Reporters, everybody taking pictures. It was the last day before
Christmas break. There was another kid, youngest of several brothers,
the Kinders. All day, I was throwing snowballs with rocks inside. At
Kinder, mostly. That day I couldn't miss. Other kids from our grade
laughed, and one or two joined in.
The slough was frozen over. Cattails brown and sagging, everywhere.
Cars passed on the road and honked, but no one stopped.
Then one of mine hit Kinder in the head. The rock in that one must
have been the size of a ping pong ball. He fell.
There was blood, but we all kept laughing. I could see he was
thinking of crossing the slough and hiding in the old barn on the
Stengren place. As soon as he crawled down the bank, everybody started
throwing snowballs. He stood up where the ice began and tried to run.
I followed him, but only got a few steps. The ice made a noise and I
dropped through.
The current carried me a long way, they said afterward. That huge
sound of the water was in my ears. A few times I saw shadows on the
ice, heard dim voices. Then they went away. Next thing I remember
for sure is waking up in the back seat of a neighbor's station wagon.

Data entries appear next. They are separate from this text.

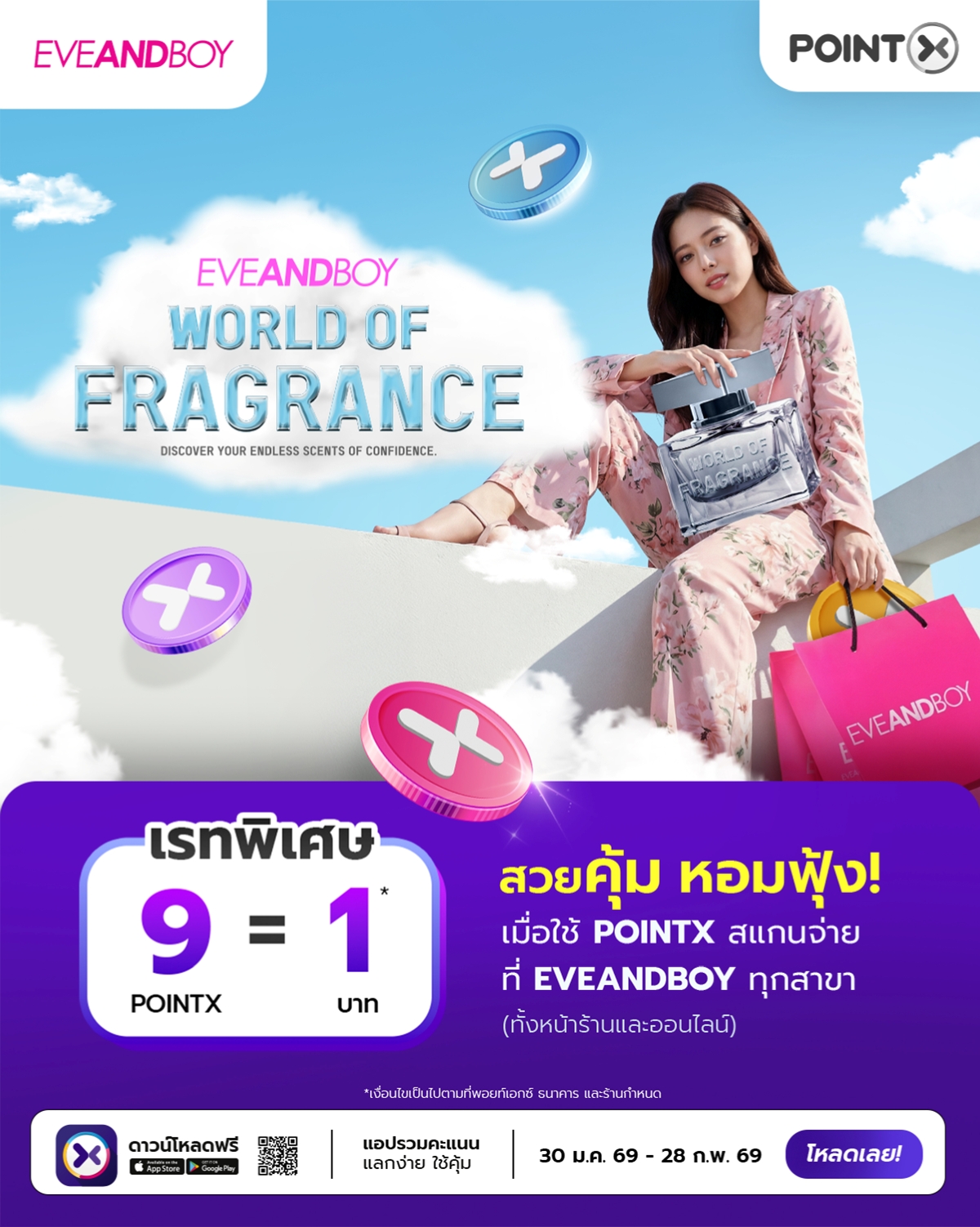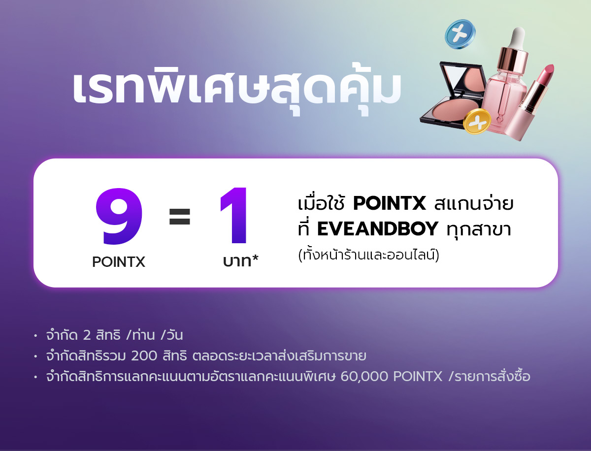 - สิทธิพิเศษนี้สำหรับลูกค้าบริษัท พอยท์เอกซ์ จำกัด (“พอยท์เอกซ์”) ที่เป็นสมาชิก POINTX แอปพลิเคชัน และชำระค่าสินค้าหรือบริการที่ร้าน EVEANDBOY ทุกสาขา และ EVEANDBOY ออนไลน์ (“ร้านค้า”) ด้วยคะแนน POINTX ด้วยช่องทางการชำระเงิน QR พร้อมเพย์ ลูกค้าจะได้รับสิทธิแลกคะแนน POINTX ด้วยอัตราแลกคะแนนพิเศษตามข้อกำหนดและเงื่อนไขของรายการส่งเสริมการขายที่กำหนดไว้นี้ ตั้งแต่วันที่ 30 มกราคม 2569 – 28 กุมภาพันธ์ 2569 (“ระยะเวลาส่งเสริมการขาย”) เท่านั้น ทั้งนี้ ไม่รวมช่วงระยะเวลาที่ระบบขัดข้องหรือหยุดให้บริการชั่วคราวเพื่อปิดปรับปรุงระบบ
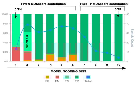 An illustrative example of an MSDA plot. False positives (FP), false negatives (FN), true positives (TP), true negatives (TN) and total observations (Total) per each score bin are highlighted by different colours, depicted below in the figure legend. The left vertical axis represents the percentages of TP, TN, FP, and FN in each bin score, whereas the right axis represents the total observation counts of each bin. The x-axis depicts the bins of intervals of the model scores for phenotype classification. The bin values on the x-axis indicate the highest value of each bin interval of values (e.g., 0–1, 1–2, 2–3, 3–4, …). Components of the MSDscore (Equation (2)) are depicted at the top. The arrows depict the 5fTN and 5fTP members of Equation (2), whereas the grey brackets indicate the bin score regions associated with the remaining members of Equation (2).
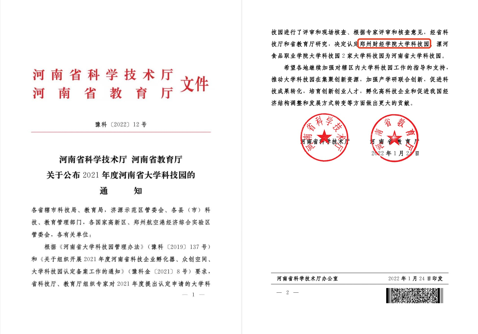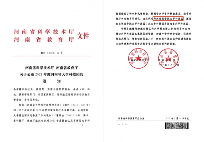 近日,河南省科学技术厅与河南省教育厅联合发布《河南省科学技术厅 河南省教育厅关于公布2021年度河南省大学科技园的通知》(豫科〔2022〕12号),认定beat365大学科技园为河南省大学科技园。
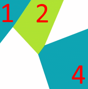 Wenn wir dabei die weißen Flächen 3 als 5 Hintergrund betrachten, bleiben immer noch die drei Flächen x1x, x2x und x4x übrig.
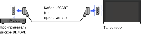Если проигрыватель BD/DVD оснащен гнездом SCART, подключите его с помощью кабеля SCART.
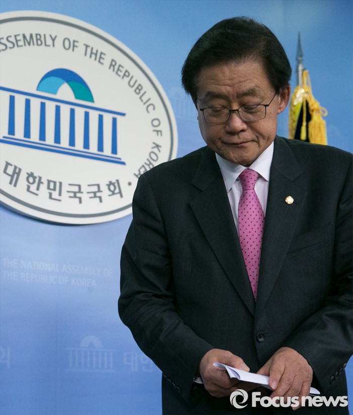 (서울=포커스뉴스) 새누리당 현역 의원 중 공천배제 통보를 받은 김태환 의원이 9일 오후 서울 여의도 국회 정론관에서 탈당 및 20대 총선 무소속 출마 기자회견을 마친 뒤 퇴장하고 있다.

Yes, everybody asks if I remember being dead. It's funny, I didn't at
the time. It's not that I remember. Not exactly.
It's like when something happens and all of a sudden there's a face or
a scene in your head, and you know you must have dreamed that scene or
face. Maybe a long time ago. Maybe a bunch of times.
Searching, I don't know what for. That's what it was like.
A lady asked me once if it felt like coming home. I had to tell her
no. It was a bird of prey, circling closer. Or losing something, a
wild animal, then getting close enough to capture it again. Or
hearing something, a short cough maybe, where only silence was
expected.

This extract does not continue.